As dificuldades dos jovens de ingressarem no mercado de trabalho
Enviada em 27/10/2018
No século XVI, surgiu na Suíça o calvinismo, religião que atrelava a felicidade de um indivíduo com o seu trabalho. Infelizmente, as premissas dessa corrente religiosa não estão presentes no cotidiano de muitos jovens trabalhadores brasileiros, haja vista que essa parcela da população é a mais afetada pelo desemprego. Isso deve-se não apenas à crise financeira que assola o Brasil, mas também à falta de instituições de ensino aptas a formar profissionais capacitados.
A princípio, convém destacar que a Crise Econômica de 2009 afetou o funcionamento de muitas empresas, reduzindo os postos de trabalho e, consequentemente, causando muitos desempregos. Lamentavelmente, a população de pessoas entre 18 e 24 anos foi a mais afetada pelos impactos dessa crise, pois, segundo o portal “G1”, a taxa de jovens desempregados é de 26,6 %, enquanto a média geral é de apenas 12,4%. Diante disso, fica nítido que a baixa oferta de vagas é um dos maiores contratempos enfrentados para conseguir um emprego.

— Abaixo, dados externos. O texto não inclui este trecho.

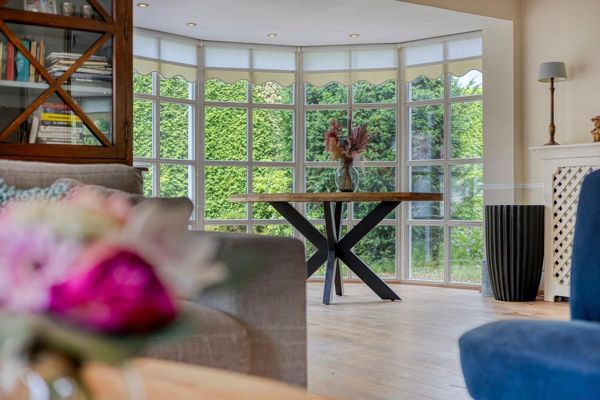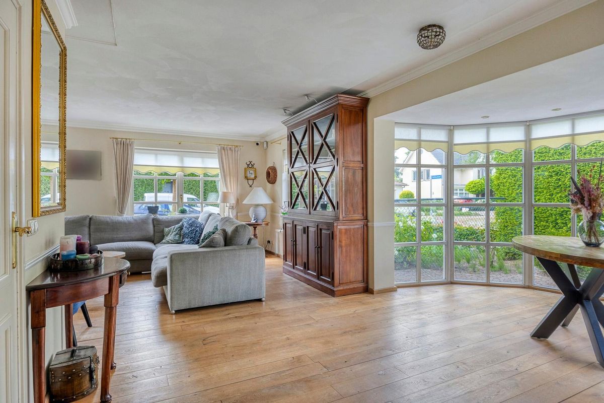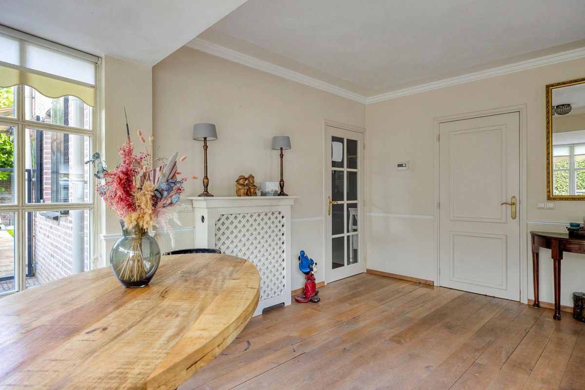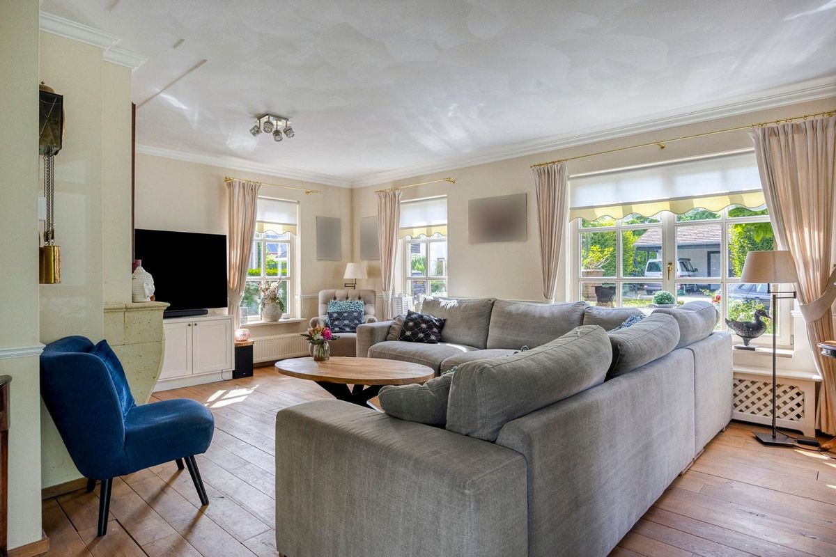 Via de royale oprit (met plaats voor twee auto's) bereikt u de voordeur. De hal biedt toegang tot de garderobe, meterkast, trapopgang en het toilet. De lichte woonkamer valt direct op door de sfeervolle erker, een heerlijke plek voor een zithoek of eettafel met uitzicht op de fraai aangelegde achtertuin. Aan de voorzijde is de huidige zithoek gesitueerd, met een gezellige gashaard.

Ademais, é necessário reconhecer que o mercado de trabalho busca as pessoas mais capacitadas para assumirem os cargos disponíveis. Contudo, as instituições de ensino, muitas vezes, não conseguem formar profissionais que saibam conciliar teoria e prática, o que provoca várias barreiras para os jovens serem contratados. De acordo com o doutorando em Energia Energética e Sustentável pela “Universidad de Cadiz(UCA)” Emanuel Philipe, para que mais jovens possam ser contratados, as instituições de ensino brasileiras devem formar profissionais aptos a exercerem as atividades exigidas no meio industrial. Perante a isso, é possível afirmar que a ausência de escolas capacitadas é outro desafio enfrentado pelos jovens que estão à procura de um emprego. Portanto, em virtude desses empecilhos, medidas devem ser tomadas.

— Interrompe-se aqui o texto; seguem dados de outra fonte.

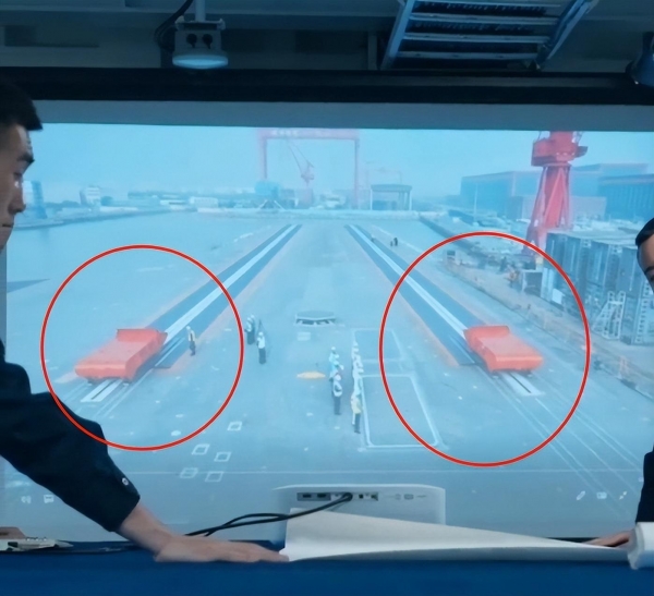 ("福建舰"弹射器上的测试用小车)

A princípio, o Ministério da Fazenda, através da elaboração de um conjunto de políticas fiscais, deve conceder subsídios às empresas estrangeiras que desejarem se instalar no Brasil, com o intuito de aumentar o número de ofertas de trabalho e, consequentemente, empregar mais jovens. Ademais, as instituições educacionais necessitam adotar uma nova metodologia de ensino, a qual deverá aumentar o número de horas de estágio e a carga horária das disciplinas práticas, a fim de formar jovens mais aptos a realizarem as tarefas das empresas contratantes. Caso essas medidas sejam cumpridas, mais recém formados poderão adquirir um emprego e, segundo os ideais calvinistas, serem mais felizes.